C'est cela seulement qui est un appel irrésistible
à la conversion, parce que rien n'est plus urgent que
de prendre soin de Dieu. Nous nous plaignons de la déchristianisation
du monde. Nous nous plaignons de l'athéisme, de la
révolte. Qu'est-ce que nous faisons pour rendre Dieu
présent au monde ? Qu'est-ce que nous faisons pour
rayonner le vrai visage du Christ ? Qu'est-ce que nous faisons
pour rendre la vie humaine plus grande, plus noble, plus libre
et plus belle ? Rien n'est plus urgent pour nous que d'entrer
dans cette mission. Rien n'est plus urgent pour nous que de
prendre soin de la vie divine.

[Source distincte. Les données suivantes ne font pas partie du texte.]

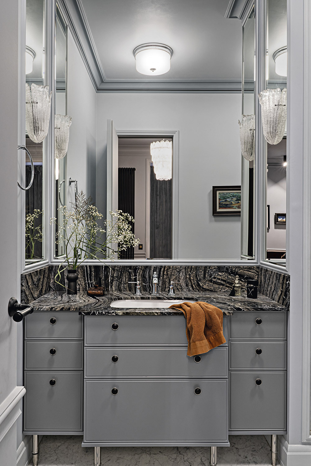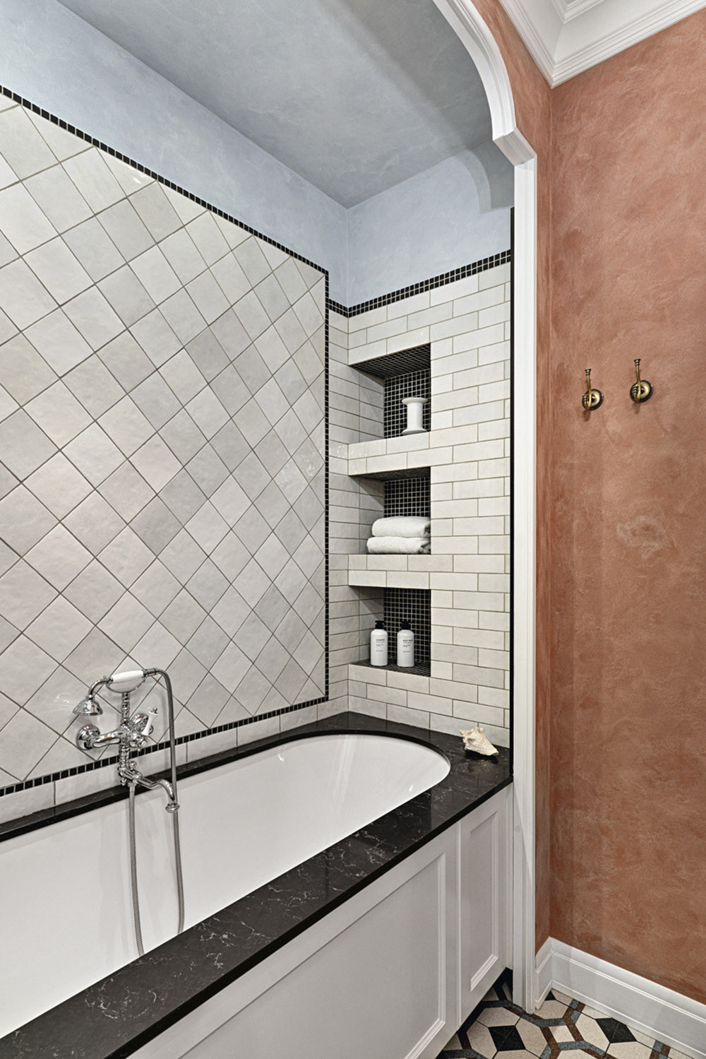 Хозяйка квартиры всегда хотела иметь персональную ванную: свою мечту она реализовала в новой квартире, разместив рядом со спальней отдельную душевую комнату. Мрамор для отделки — Bianco Carrara и Black Wood. Стены душевой выполнены из керамики ручной работы с эффектом старения. Дополняют атмосферу картина с изображением лодок и бра с плафонами из стекла. Стены и потолок окрашены краской из коллекции Little Greene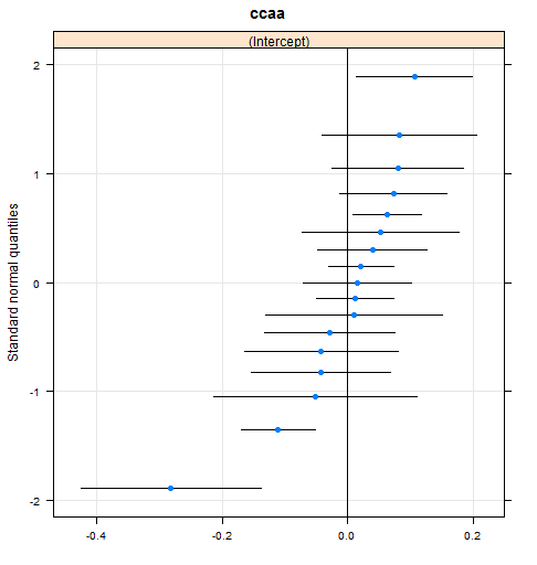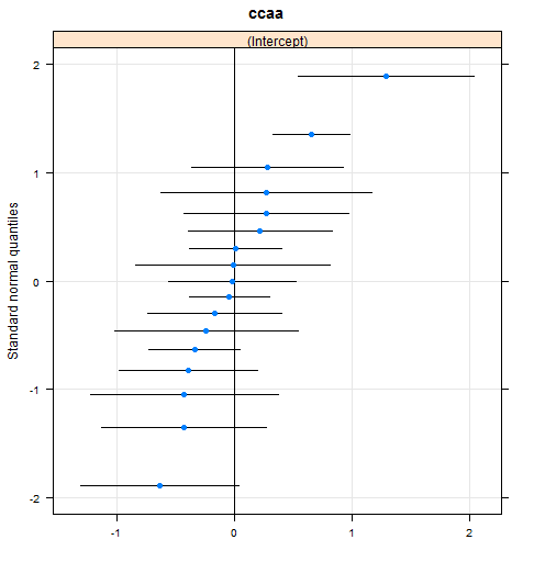 qqmath(ranef(mod3, condVar = TRUE))para obtener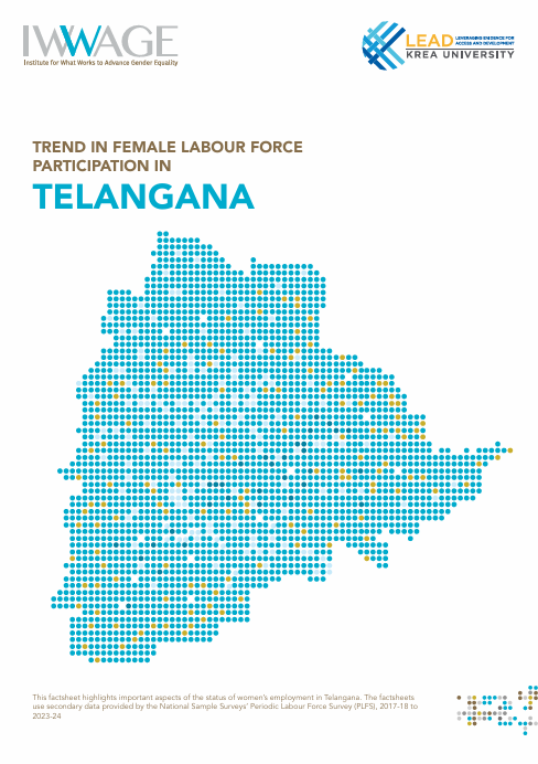 Telangana has emerged as a major industrial and services-led economy, with GSDP growing nearly 197% between 2014–15 and 2023–24. Services contribute about two-thirds of GSVA, while industry has achieved near gender parity in employment due to targeted policy interventions. Agriculture remains a key employer, engaging 45.8% of the population but contributing a smaller share to GSDP. Women are largely concentrated in agriculture, while men dominate services. This factsheet examines trends in female labour force participation in Telangana from 2017–18 to 2023–24, focusing on sectoral distribution, occupational segregation, and workforce barriers.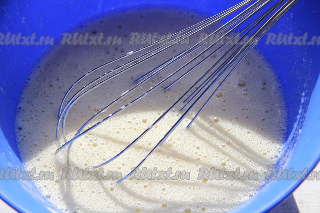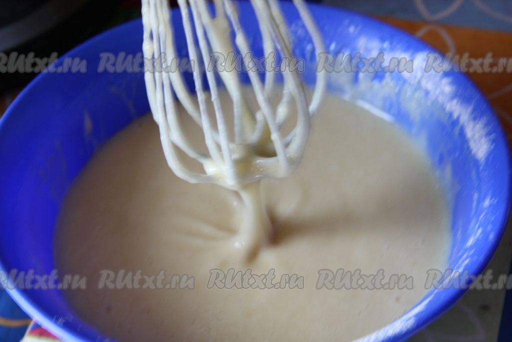 Добавить растительное масло, кефир, муку, ванильный сахар и разрыхлитель.

Notre-Seigneur a dit cette
parole : « Celui qui fait la volonté de Dieu
est mon frère et ma sœur et ma mère »
(Mc 3, 35).
Et ma mère... S'il faut donner à cette parole
de Jésus toute sa puissance, est-ce que notre vie tout
entière n'en sera pas radicalement transformée
? Si notre vocation, si la vocation de toute âme chrétienne
est de vivre la vocation de la Vierge Immaculée, si
nous avons à porter le Christ en nous comme elle l'a
porté, si nous avons à faire naître le
Christ comme il est né d'elle dans le mystère
de Noël, est-ce que notre vie ne sera pas radicalement
transformée ?
Si, à chaque instant, dans chaque rencontre, devant
chaque visage, si à chaque battement de notre cœur
nous avons ce souci de la naissance de Dieu dans l'humanité
d'aujourd'hui, est-ce que notre vie ne deviendra pas une prodigieuse
aventure ? Qu'est-ce qui peut donner une intensité
plus passionnante à notre existence que cette prise
de conscience de la vie divine confiée à notre
amour ?
Ah ! si nous pouvions, le temps qui nous reste à vivre,
garder au cœur et à l'esprit cette vision du Christ
agonisant qui nous appelle, du fond du Jardin de l'Agonie,
qui nous demande de passer une heure avec lui; si nous pouvions
être certains que le Dieu crucifié n'est crucifié
que par tous les refus d'amour et que seul l'amour peut guérir
ses blessures, à chaque instant nous aurions ce souci
de nous surmonter, de dépasser nos limites, d'émerger
de nos ténèbres et d'apporter, sans rien dire,
dans la vérité de notre amitié humaine
la Révélation de l'amitié divine.
Voilà ce que nous apprend le second jardin en nous
révélant le vrai visage de Dieu, en nous révélant
nous-même à nous-même et en nous appelant
à cette immense aventure de sauver Dieu de nous-même,
d'en révéler en nous toute l'immensité,
toute la beauté, toute la jeunesse et toute la joie
! Car, finalement, si le Christ est crucifié, ce n'est
pas pour enténébrer la vie éternelle,
c'est pour susciter l'amour qui réalisera enfin la
vocation de l'univers qui est une vocation de joie puisque,
avant même d'entrer dans le Jardin de l'Agonie, Jésus
nous dit cette parole qui est le testament que nous avons
à réaliser en prenant sur nous la Croix pour
l'épargner aux autres : « Je vous ai dit ces
choses pour que ma joie soit en vous et que votre joie soit
parfaite » (Jn 15, 11).
Beyrouth, 1972.
Maurice
Zundel. Le problème que nous sommes : La Trinité
dans notre vie, textes inédits choisis et présentés
par Paul Debains, Le Sarment-Fayard, Paris 2000.